In other words, the men who wrote the Bible, 66 books, Old and New
Testament alike, always used the word soul and spirit in the following two ways
and they never, never, violate it. And
this is the evidence I would throw up to you to prove to you that these people
thought in terms of a specific entity; it was not vague to the original authors
of the Bible.
One rule is that
the spirit is never said to be living.
This may strike you as odd but the word “living” as an adjective is
never ascribed to the spirit; it is only ascribed to the soul. The soul is a
living soul but the spirit is never called a living spirit. Well, why do you suppose this is—the spirit
is never living but the soul is living?
And this rule occurs hundreds and hundreds of times, over and over, you
can take a concordance, check it out and never find a violation of this rule, not
that I know of and I’ve checked through most of them. So we have this rule that the spirit and the
soul, the soul is living and the spirit sometimes is life-giving. Now that’s the difference, the word life is
associated with soul, not spirit. The
spirit is not said to be alive. It is
said to cause life but the spirit itself is never, never, never said to be
alive.
A second rule that
is always observed in the Word of God, time and time again, and I throw this up
as another evidence to you that these terms are technical, specific and in the
original author’s minds very concrete, and that is that the soul is only
addressed in soliloquy, never the spirit.

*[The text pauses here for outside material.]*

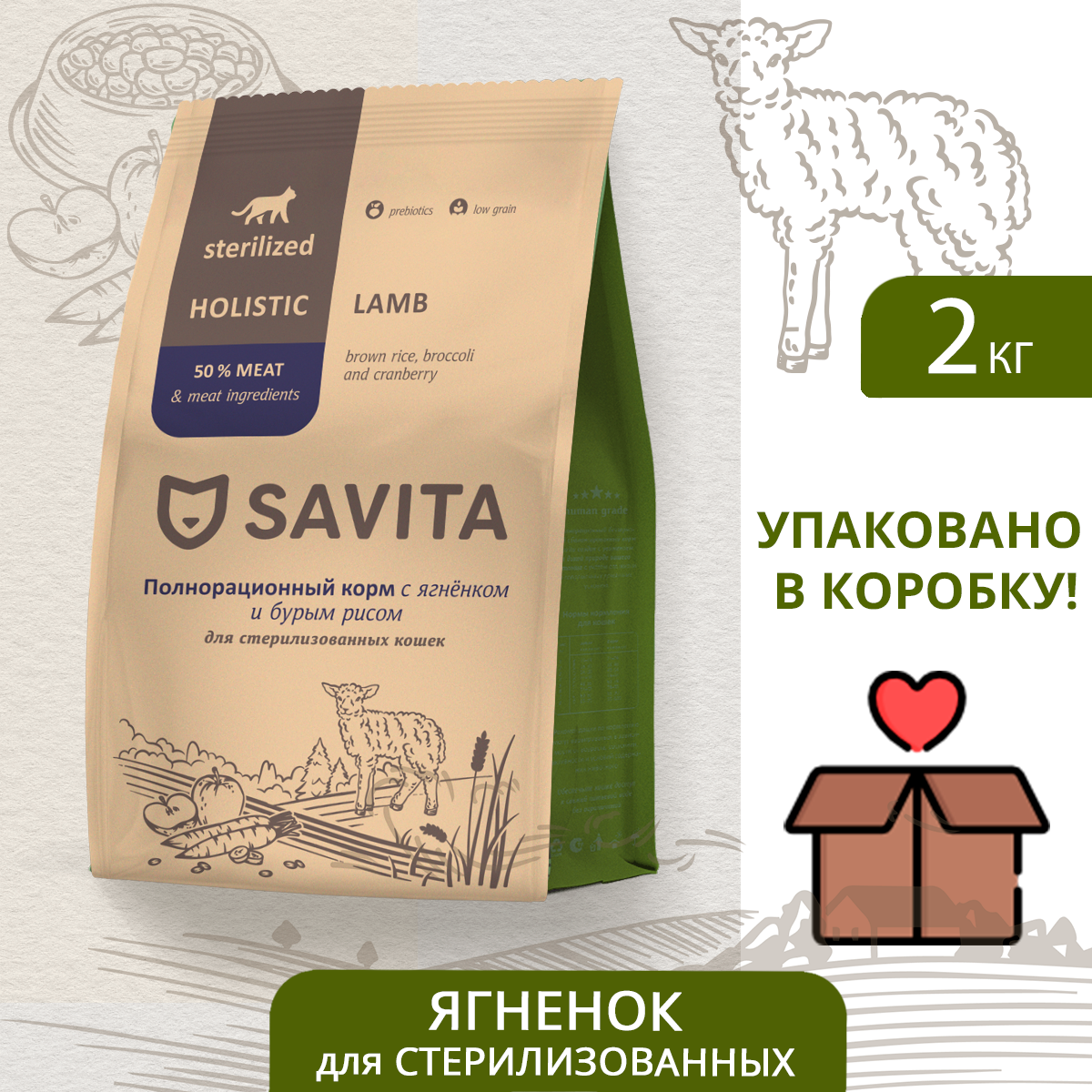 Купить SAVITA для стерилизованных кошек с ягненком и бурым рисом (2 кг)

In soliloquy you talk to yourself.
Now most of you are experts at that, well, that’s soliloquy. Soliloquy is when you address yourself, in
Psalms, for example, “my soul, oh my soul,” and they talk to their soul but
isn’t it interesting they never talk to their spirit and this occurs over and
over and over and over again.
So here we have
two rules that occur over and over again in the Bible and to me these argue
against the usual Christian view well, these are just little terms and they
don’t mean too much. Not to me; the
linguistic evidence is that they are technical terms.
Now in John 3:8
Jesus gives us the classic idea of spirit.

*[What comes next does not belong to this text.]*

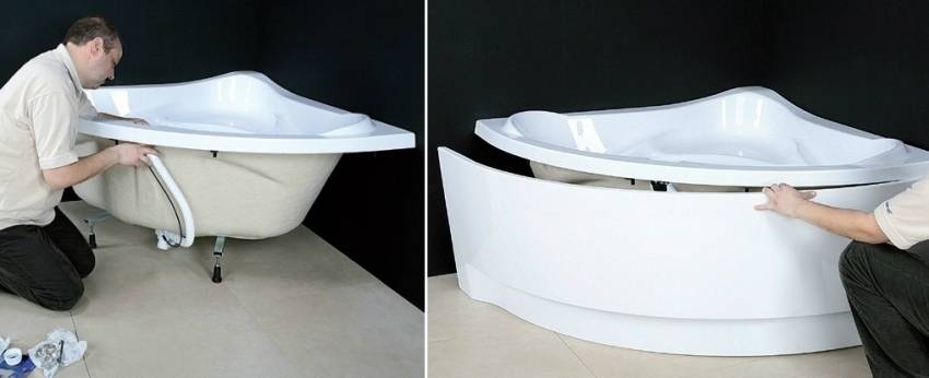 Если экран устанавливается под акриловую ванну, крепеж можно монтировать прямо на ее борта

He’s talking about those who are regenerated, those who are born again,
those who have a renewed human spirit.
So He says in verse 8, “The wind” or the pneuma, this is Greek, “the pneuma
blows where it wills,” listeth” is just an old English word meaning to will,
“The wind blows where it will, you hear the sound of it but you can’t tell
where it comes, and where it is going; so is everyone that is born of the
Spirit.” And most scholars believe this
was said, Jesus was talking to Nicodemus on the roof, and it was during the
nighttime, Nicodemus came to Jesus Christ by night and they’re up here on the
roof of the city in Jerusalem and they hear the wind blowing, the nocturnal
breeze over the mountains on which the city of Jerusalem is and they hear this
wind, and Jesus says hear the wind? Hear
it Nicodemus, you can hear it but you can’t tell where it’s coming and where
it’s going. In other words, what does
this say? It says that the spirit cannot
be seen, but its effects can be observed.
So let’s summarize
the fundamental concept behind spirit and then we’ll deal the spirits of the
animals, dedicated to all dog and cat lovers.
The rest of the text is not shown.